## EXERCISE GOAL:
Here the job is to transcribe the data verbatim while leaving each picture out.

## Entries taken from a collection:
[Start of section]

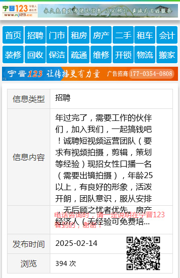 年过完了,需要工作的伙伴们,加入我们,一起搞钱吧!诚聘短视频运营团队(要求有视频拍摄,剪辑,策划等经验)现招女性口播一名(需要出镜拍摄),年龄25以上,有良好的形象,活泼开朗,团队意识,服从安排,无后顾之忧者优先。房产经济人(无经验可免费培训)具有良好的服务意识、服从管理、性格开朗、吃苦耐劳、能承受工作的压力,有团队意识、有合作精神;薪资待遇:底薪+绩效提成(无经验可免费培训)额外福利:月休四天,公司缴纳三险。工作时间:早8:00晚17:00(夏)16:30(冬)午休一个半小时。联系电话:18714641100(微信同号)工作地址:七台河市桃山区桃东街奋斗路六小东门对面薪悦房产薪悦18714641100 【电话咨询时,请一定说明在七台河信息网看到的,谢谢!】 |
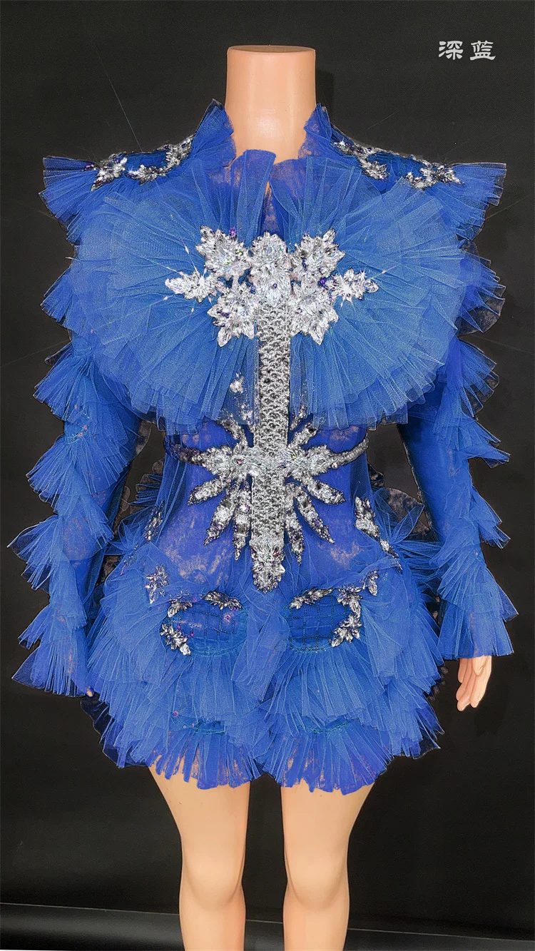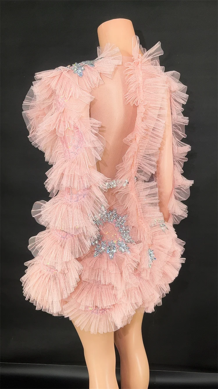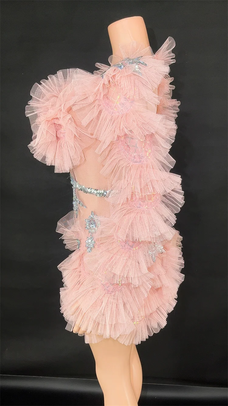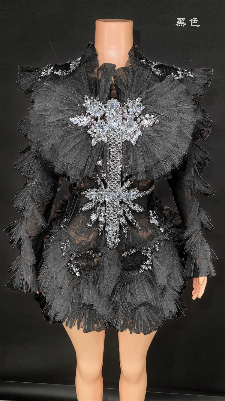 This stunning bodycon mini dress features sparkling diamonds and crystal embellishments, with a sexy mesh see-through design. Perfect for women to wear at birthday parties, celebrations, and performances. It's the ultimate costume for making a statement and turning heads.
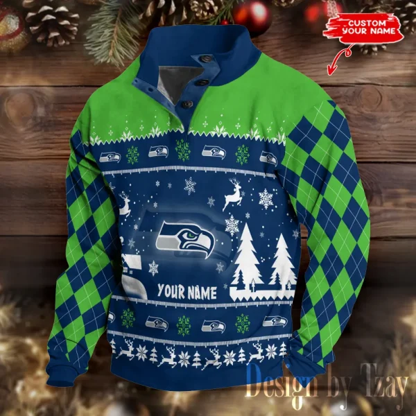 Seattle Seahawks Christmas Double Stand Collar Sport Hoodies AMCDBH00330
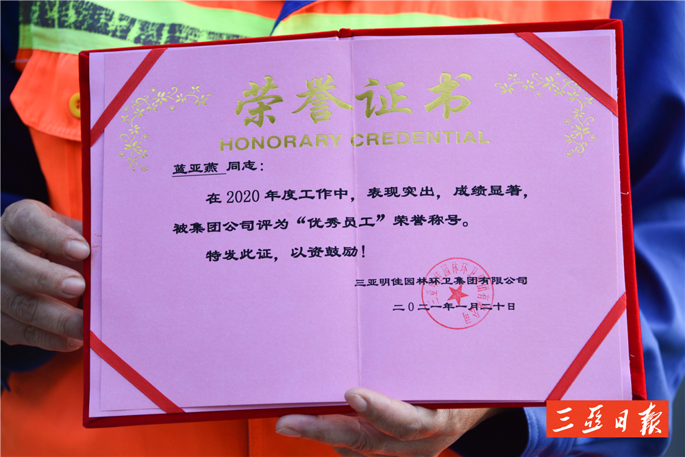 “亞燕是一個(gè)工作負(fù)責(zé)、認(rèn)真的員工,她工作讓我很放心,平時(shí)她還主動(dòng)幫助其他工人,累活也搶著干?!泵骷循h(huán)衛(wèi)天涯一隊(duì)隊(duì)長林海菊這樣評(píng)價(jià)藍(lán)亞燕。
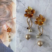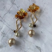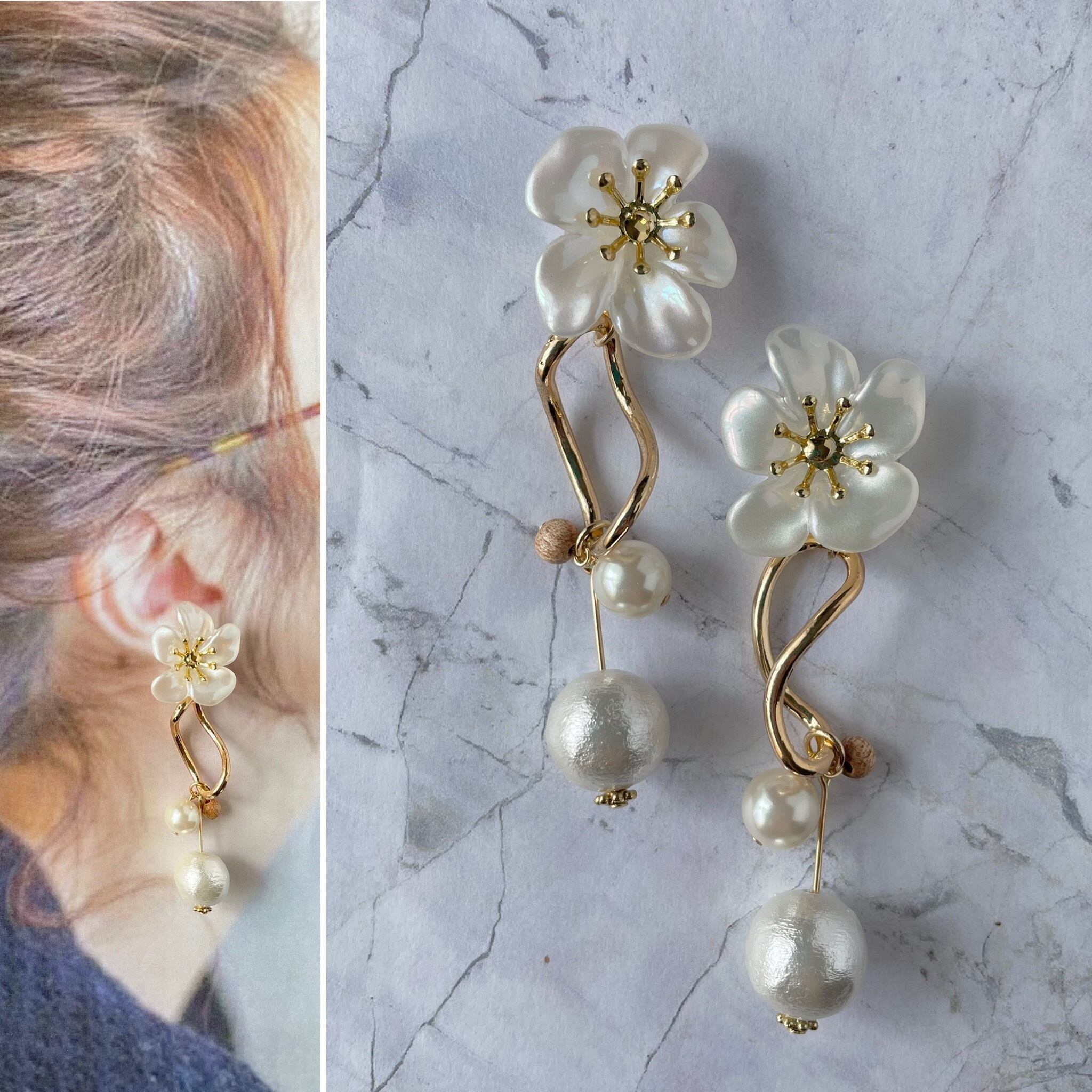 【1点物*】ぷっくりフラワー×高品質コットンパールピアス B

[End of section]

## OUTPUT:
 年过完了,需要工作的伙伴们,加入我们,一起搞钱吧!诚聘短视频运营团队(要求有视频拍摄,剪辑,策划等经验)现招女性口播一名(需要出镜拍摄),年龄25以上,有良好的形象,活泼开朗,团队意识,服从安排,无后顾之忧者优先。房产经济人(无经验可免费培训)具有良好的服务意识、服从管理、性格开朗、吃苦耐劳、能承受工作的压力,有团队意识、有合作精神;薪资待遇:底薪+绩效提成(无经验可免费培训)额外福利:月休四天,公司缴纳三险。工作时间:早8:00晚17:00(夏)16:30(冬)午休一个半小时。联系电话:18714641100(微信同号)工作地址:七台河市桃山区桃东街奋斗路六小东门对面薪悦房产薪悦18714641100 【电话咨询时,请一定说明在七台河信息网看到的,谢谢!】 |
 This stunning bodycon mini dress features sparkling diamonds and crystal embellishments, with a sexy mesh see-through design. Perfect for women to wear at birthday parties, celebrations, and performances. It's the ultimate costume for making a statement and turning heads.
 Seattle Seahawks Christmas Double Stand Collar Sport Hoodies AMCDBH00330
 “亞燕是一個(gè)工作負(fù)責(zé)、認(rèn)真的員工,她工作讓我很放心,平時(shí)她還主動(dòng)幫助其他工人,累活也搶著干?!泵骷循h(huán)衛(wèi)天涯一隊(duì)隊(duì)長林海菊這樣評(píng)價(jià)藍(lán)亞燕。
 【1点物*】ぷっくりフラワー×高品質コットンパールピアス B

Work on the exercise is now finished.